The volume traded in the foreign exchange market rose by 25% to the limited US $ 164 million.
“Surely, it will be more important for the reasoning of the economic team, to keep the value of the dollar competitive, without having to make a maxi-devaluation, waiting for an early agreement with the IMF that will give it enough air to face the market with greater tools. future, “commented analyst Carlos Risso from” The city inside. “
In this framework, gross international reserves fell by US $ 47 million to US $ 39,070 million. In this way, a streak of two consecutive raises was cut.
Stock exchange dollars
With the market focus on the balance of daily interventions of the Central Bank -which was negative again- and the dynamics of its reserves, the financial dollars scored new increases yesterday, with the “counted with liqui” climbing for the fourth consecutive day, amid increased demand in response to the fall they suffered in recent weeks as they deflated to levels close to “solidarity”.

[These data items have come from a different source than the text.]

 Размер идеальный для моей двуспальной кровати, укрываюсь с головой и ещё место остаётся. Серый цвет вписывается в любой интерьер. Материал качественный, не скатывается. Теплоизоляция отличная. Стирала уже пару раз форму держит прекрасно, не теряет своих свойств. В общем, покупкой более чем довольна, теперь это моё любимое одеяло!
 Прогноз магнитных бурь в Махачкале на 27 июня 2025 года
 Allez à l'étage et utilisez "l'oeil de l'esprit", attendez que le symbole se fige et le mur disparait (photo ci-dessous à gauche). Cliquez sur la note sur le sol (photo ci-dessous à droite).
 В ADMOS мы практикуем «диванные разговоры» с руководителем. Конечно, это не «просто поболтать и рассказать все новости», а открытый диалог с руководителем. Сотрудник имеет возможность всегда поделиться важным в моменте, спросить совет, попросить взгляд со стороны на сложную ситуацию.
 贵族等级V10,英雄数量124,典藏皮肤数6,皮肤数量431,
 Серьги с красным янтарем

The dollar CCL rose 0.6% (83 cents) to $ 149.10, bringing the spread against the official one to 86%. With more force, the MEP dollar, or Stock Market, advanced 1.3% ($ 1.85) to $ 145.95, with a gap compared to the wholesale price of 82.1%.

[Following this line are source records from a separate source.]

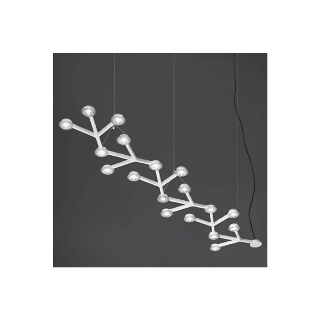 A contemporary fixture with sci-fi themes, the Artemide LED Net Line 125 Suspension utilizes energy efficient LEDs and a futuristic shape to create a web of light. Each LED "pod" features a methacrylate diffuser that adds warmth to this space-age light. Great for over long, rectangular tables.
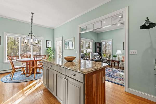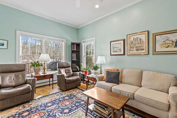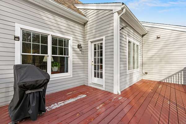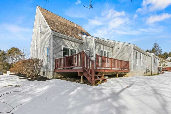 This light-filled contemporary condo, part of a small condominium community of 14 condos, is conveniently located in Yarmouth and features a spacious first floor ensuite primary bedroom, a beautifully renovated eat-in kitchen with a large island and granite countertops, as well as a walk-in pantry. The dining area opens onto a spacious deck.The kitchen adjoins the light-filled living room and a separate study/music room provides the perfect retreat. Upstairs opens to a sitting area, as well as a second bedroom with a walk-in closet and full bath.The large basement provides great opportunities for storage and expansion. It is convenient to the village of Yarmouth's great restaurants, Rosemont and other shops, walking trails and has convenient access to I-295.
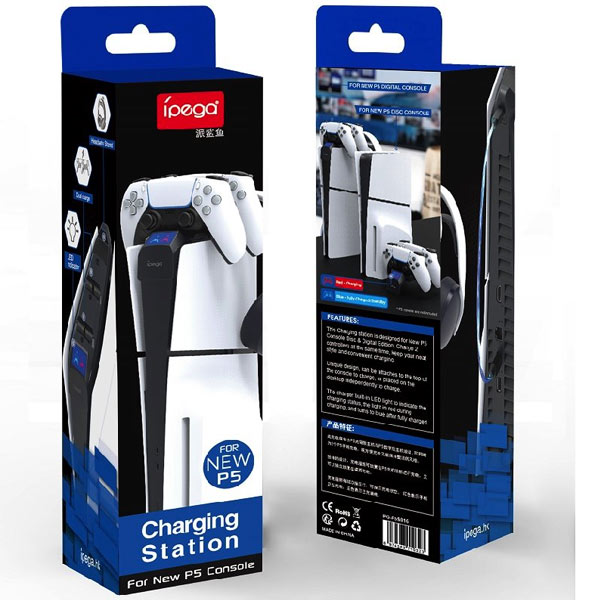 iPega P5S016 Duálna nabíjacia stanica s držiakom na slúchadlá a ovládače pre PS5 Slim, White PG-P5S016
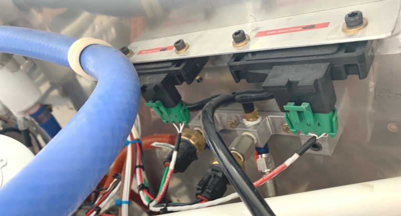 Basic components of dual EM-6 4F EFI aviation system for Lycoming 4 cylinder engines. No wiring shown here.
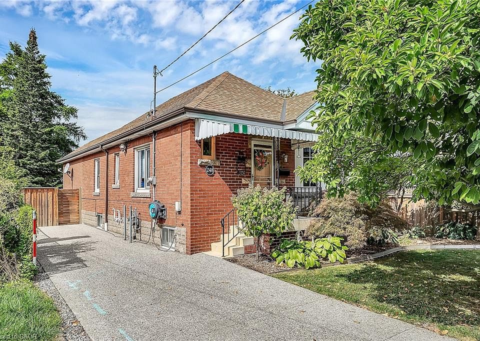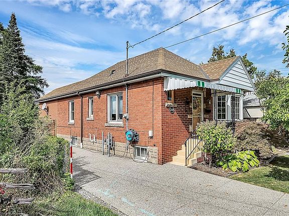 Very well kept carpet free 2 bedroom brick bungalow with bonus den (potential 3rd bedroom) & bright sunroom on nicely landscaped fully fenced lot in desirable central mountain location. Main floor offers open & airy living room with bay window & stone decorative fireplace surround, dining room & updated kitchen (2019) with quartz countertops & pot lights. Hardwood flooring throughout living room, dining room, bedrooms & den. Renovated bathroom (2016) with large spa-like separate shower & ceramic flooring. Cozy 3 season sunroom (roof re-shingled 2024) off primary bedroom & kitchen offers access to rear deck & yard. Most windows updated. Furnace & central air (2022). Newer aggregate exposed concrete driveway (2022). Peaceful & relaxing rear yard features deck, restful corner seating area & lovely stamped concrete patio & walkway plus gas BBQ hookup. Quick & easy access to the Linc. Close to all amenities.

In addition to the dynamics of the monetary authority variables, investors closely follow the Government’s negotiations with the IMF.
“The focus remains on the negotiation process with the IMF,” said the operator, adding that “structural changes that help to correct fiscal imbalances could be well received in the debt market and will probably help to regain investor confidence. “.

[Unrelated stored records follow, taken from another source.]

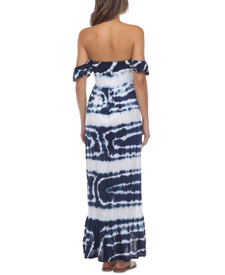 Vestido de banho feminino Raviya Tie Dye com decote ombro a ombro, azul, tamanho pequeno
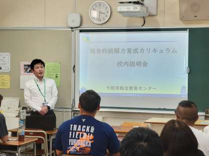 総合教育センターより、讃井先生にお越しいただき、2学期から行う予定の総合的読解力育成カリキュラムの研修会を行いました。
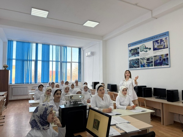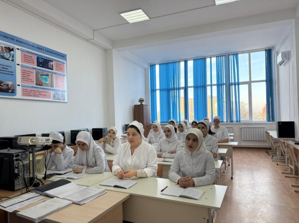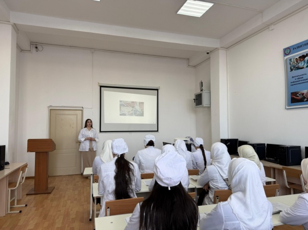 20.11.2025г.в ПОАНО "Медицинский колледж "г.Хасавюрт преподаватель Бугдаева Азиза Тимуровна провела открытый урок, посвящённый героической профессии военного и службе Отечеству.

Meanwhile, investors digested the half-sanction in Deputies of the bill on a unique and extraordinary contribution of great fortunes, at a time when global markets showed less aversion to risk after progress in the development of the vaccine against Covid -19.
“Given the delicate fiscal situation in Argentina, the Government opts once again to increase taxes. This time, the debate focuses on the tax on large fortunes. Again, the focus is far from a credible and healthy reduction of the public spending, “said Iván Cachanosky, an economist at the Fundación Libertad y Progreso.
In the informal segment, the blue dollar rose $ 1 this Wednesday to $ 164, according to a survey conducted by Ámbito in caves in the city of Buenos Aires. The parallel bill had bounced another peso on Tuesday, after sinking $ 10 on Monday.
Consequently, the exchange gap with the official wholesale dollar remained above 100% (at 104.6%).
The blue had risen strongly between Wednesday and Friday of last week due to the resurgence of demand, which found no support in genuine supply. Let us remember that on Tuesday of last week, the exchange rate gap had fallen to 87%, while at the end of last month it reached 150%.
In the ROFEX futures market, the dollar closed with small drops in all terms, with interventions by the BCRA for the end of December and next January.
In this way, the currency for the end of the month ended with a rate of 40.61%, the dollar for January closed with a yield of 56.87% and for February, with a return of 63.08%. S and they operated about US $ 356 million.